* **WHAT YOU SHOULD DO**: Each record should be given again exactly as it appears, with no image included.

(Extracted records)
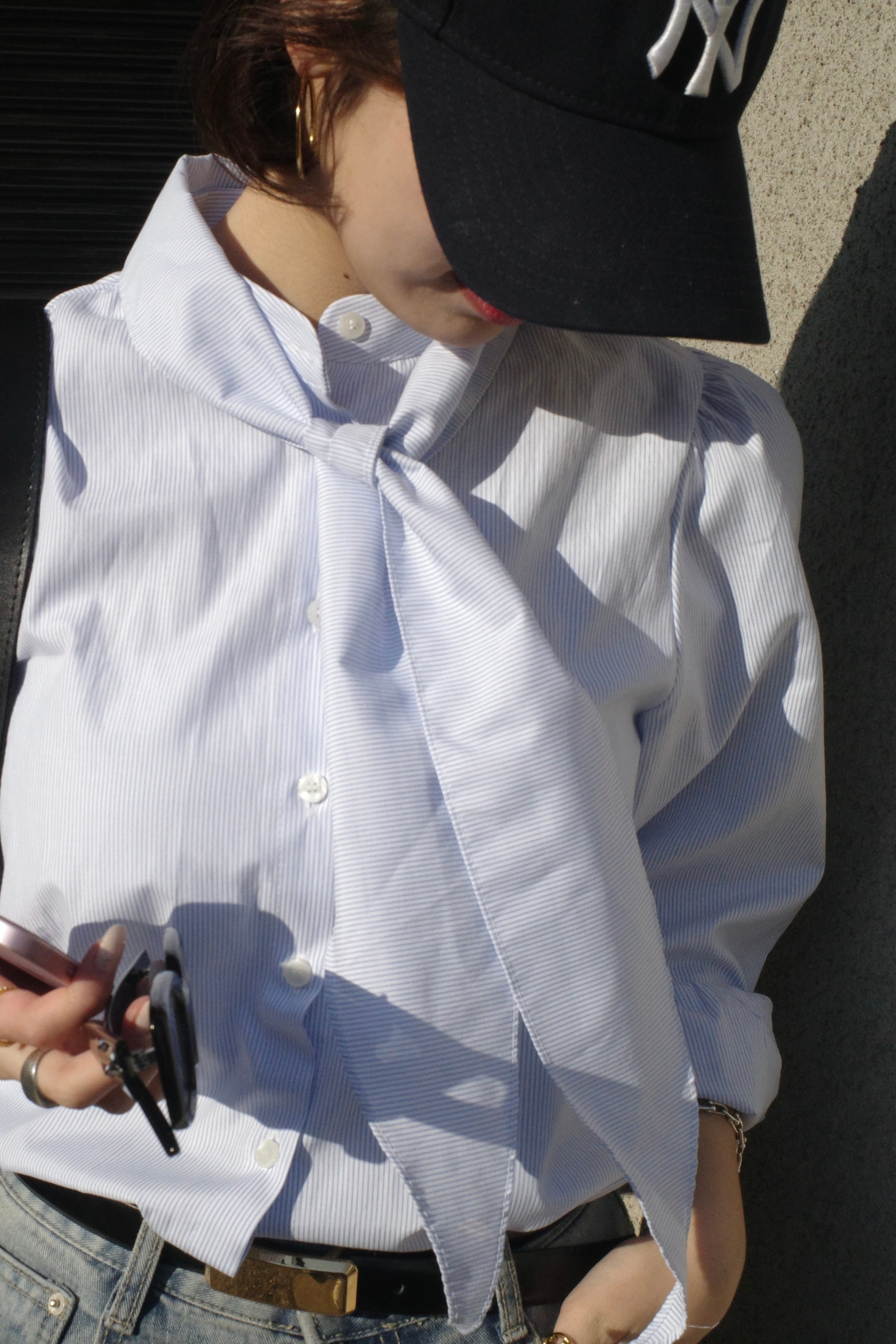 blue bow blouse
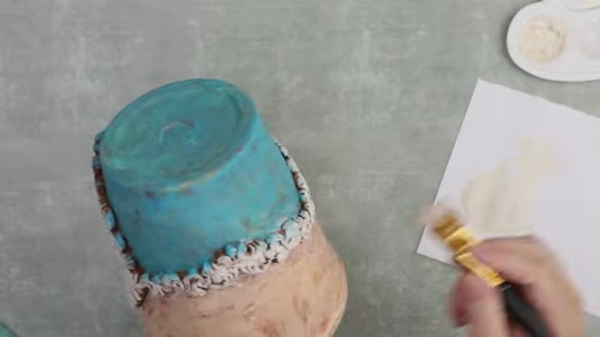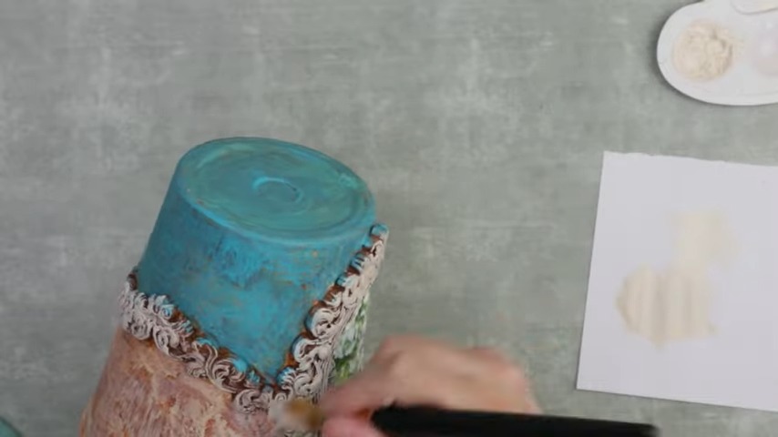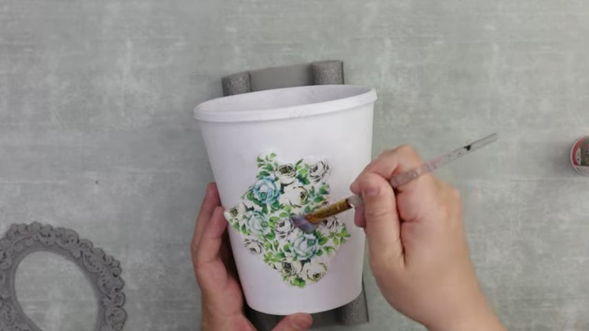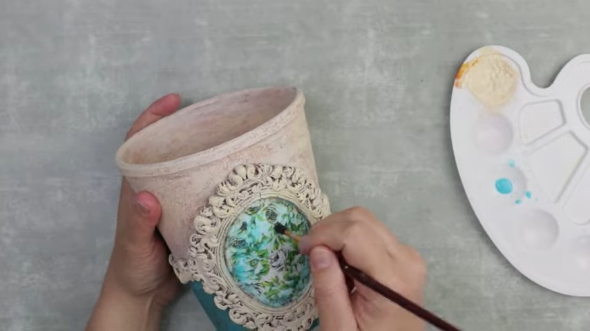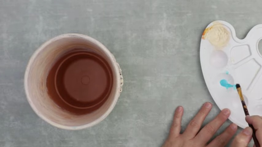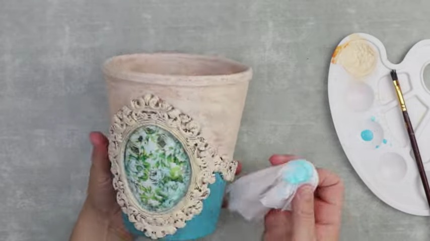 Color Distribution: Apply a creamy white paint on the majority of the pot, excluding a small portion underneath the garland. After the final layer, introduce vintage-style sky-blue paint to the unpainted section.
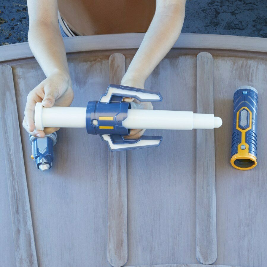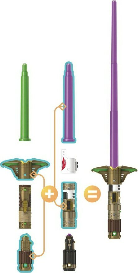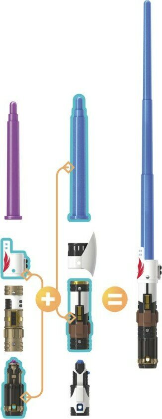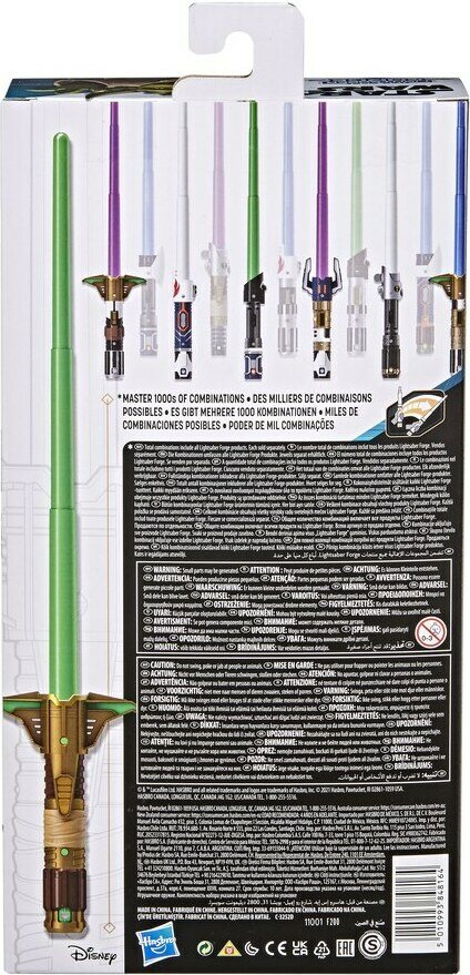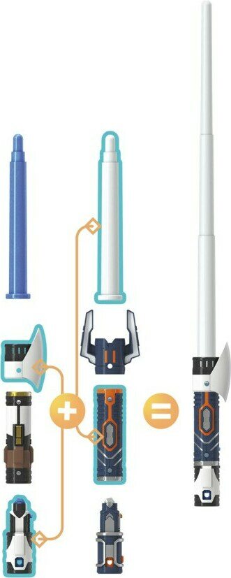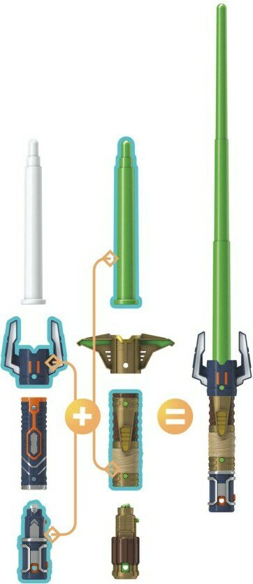 4-osainen muokattava kahva, heilauttamalla pidentyvä miekan varsi, yhdisteltävissä muiden Star Wars Forge valomiekkojen kanssa. Ikäsuositus 4+
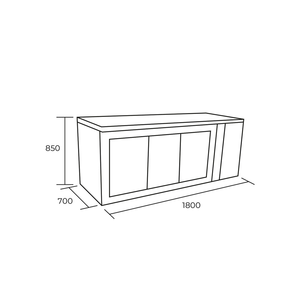 Dimensiones Producto (mm) 1800x700x850 Embalaje (mm) 1840x750x920 Peso neto (kg) 130 Peso bruto (kg) 140
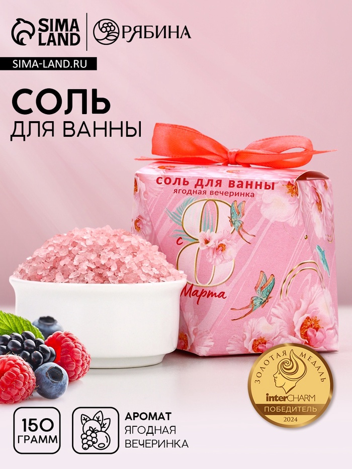 Соль для ванны «С 8 Марта!», 150 г, аромат ягод, Чистое счастье
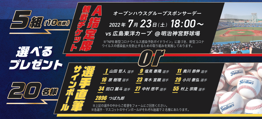 株式会社オープンハウスグループ(本社 東京都千代田区、代表取締役社長 荒井正昭、以下「当社」)のグループ会社である株式会社オープンハウス・ディベロップメント(以下「オープンハウス・ディベロップメント」)は、明日6月4日(土)より、当社がトップスポンサーを務めるプロ野球チーム 東京ヤクルトスワローズ(以下「スワローズ」)の観戦チケットなどが当たるプレゼントキャンペーンを開催いたします。
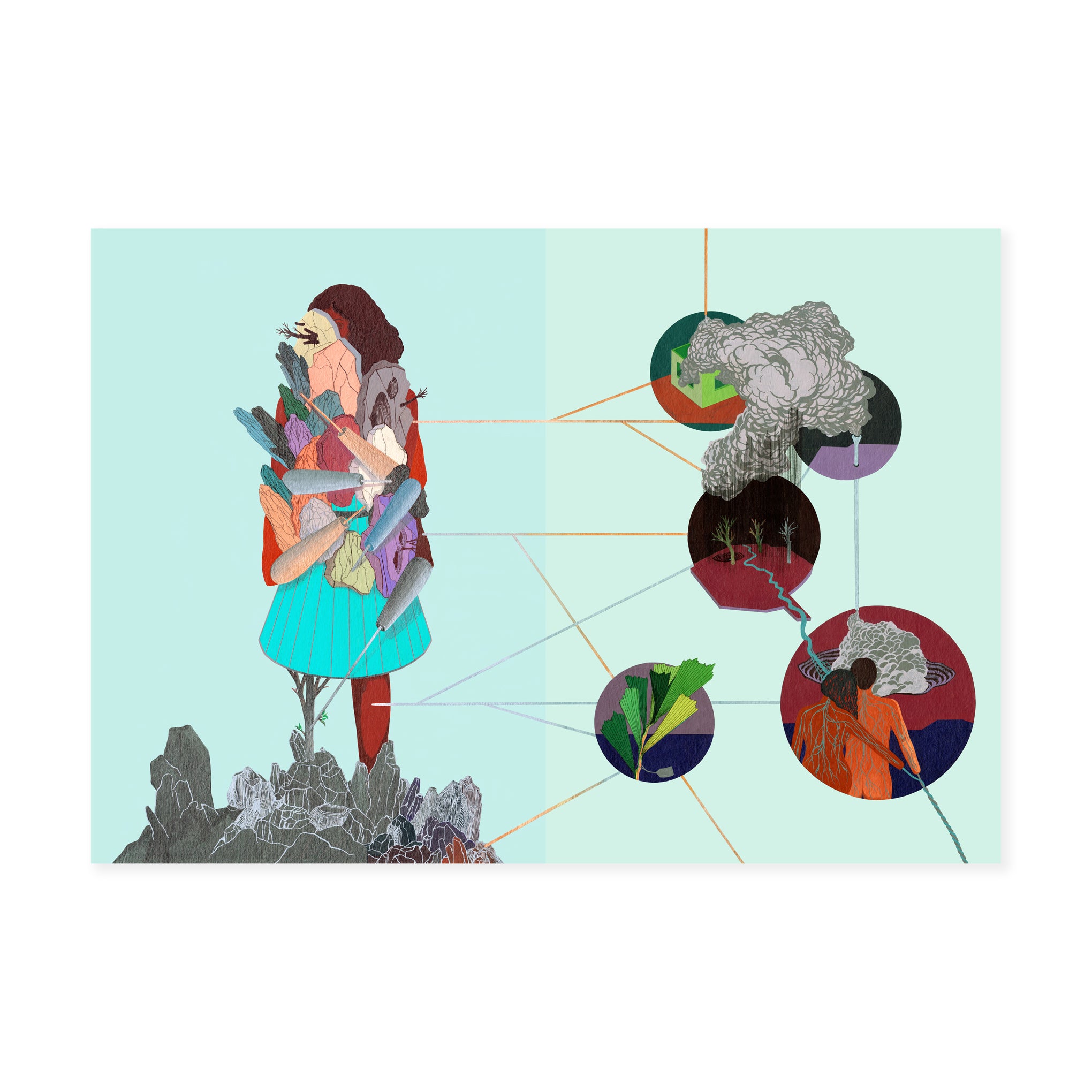 Delving into the artist’s ritualistic practice of mind-mapping. readers are invited to explore the cultural and historical references that inflect Nkanga’s interest in legacies of empire. the earth’s natural resources. the weight of memory and the human imagination’s possibility to conjure social change. The title. Stitched Dreams. comes from the name of her first drawing. made in 1994. Otobong Nkanga (born 1974) grew up in Lagos and Paris and is currently based in Antwerp. She studied fine and performing arts at Obafemi Awolowo University in Ife-Ife. the École nationale supérieure des Beaux-Arts in Paris and DasArts in Amsterdam. Nkanga received the Special Mention Award at the 58th Venice Biennale.
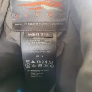 NWOT Sitka DUCK OVEN insulated jacket in warm brown tones. Sitka the best of the best specialized outdoor wear and equipment hunting gear. Full front zip with chest and sherpa insulated hand pockets. Soft collar and the #1 rated for cold durability. Clean, versatile style for any hunting outdoor adventure. excellent brand new condition.

* **RESPONSE**:
 blue bow blouse
 Color Distribution: Apply a creamy white paint on the majority of the pot, excluding a small portion underneath the garland. After the final layer, introduce vintage-style sky-blue paint to the unpainted section.
 4-osainen muokattava kahva, heilauttamalla pidentyvä miekan varsi, yhdisteltävissä muiden Star Wars Forge valomiekkojen kanssa. Ikäsuositus 4+
 Dimensiones Producto (mm) 1800x700x850 Embalaje (mm) 1840x750x920 Peso neto (kg) 130 Peso bruto (kg) 140
 Соль для ванны «С 8 Марта!», 150 г, аромат ягод, Чистое счастье
 株式会社オープンハウスグループ(本社 東京都千代田区、代表取締役社長 荒井正昭、以下「当社」)のグループ会社である株式会社オープンハウス・ディベロップメント(以下「オープンハウス・ディベロップメント」)は、明日6月4日(土)より、当社がトップスポンサーを務めるプロ野球チーム 東京ヤクルトスワローズ(以下「スワローズ」)の観戦チケットなどが当たるプレゼントキャンペーンを開催いたします。
 Delving into the artist’s ritualistic practice of mind-mapping. readers are invited to explore the cultural and historical references that inflect Nkanga’s interest in legacies of empire. the earth’s natural resources. the weight of memory and the human imagination’s possibility to conjure social change. The title. Stitched Dreams. comes from the name of her first drawing. made in 1994. Otobong Nkanga (born 1974) grew up in Lagos and Paris and is currently based in Antwerp. She studied fine and performing arts at Obafemi Awolowo University in Ife-Ife. the École nationale supérieure des Beaux-Arts in Paris and DasArts in Amsterdam. Nkanga received the Special Mention Award at the 58th Venice Biennale.
 NWOT Sitka DUCK OVEN insulated jacket in warm brown tones. Sitka the best of the best specialized outdoor wear and equipment hunting gear. Full front zip with chest and sherpa insulated hand pockets. Soft collar and the #1 rated for cold durability. Clean, versatile style for any hunting outdoor adventure. excellent brand new condition.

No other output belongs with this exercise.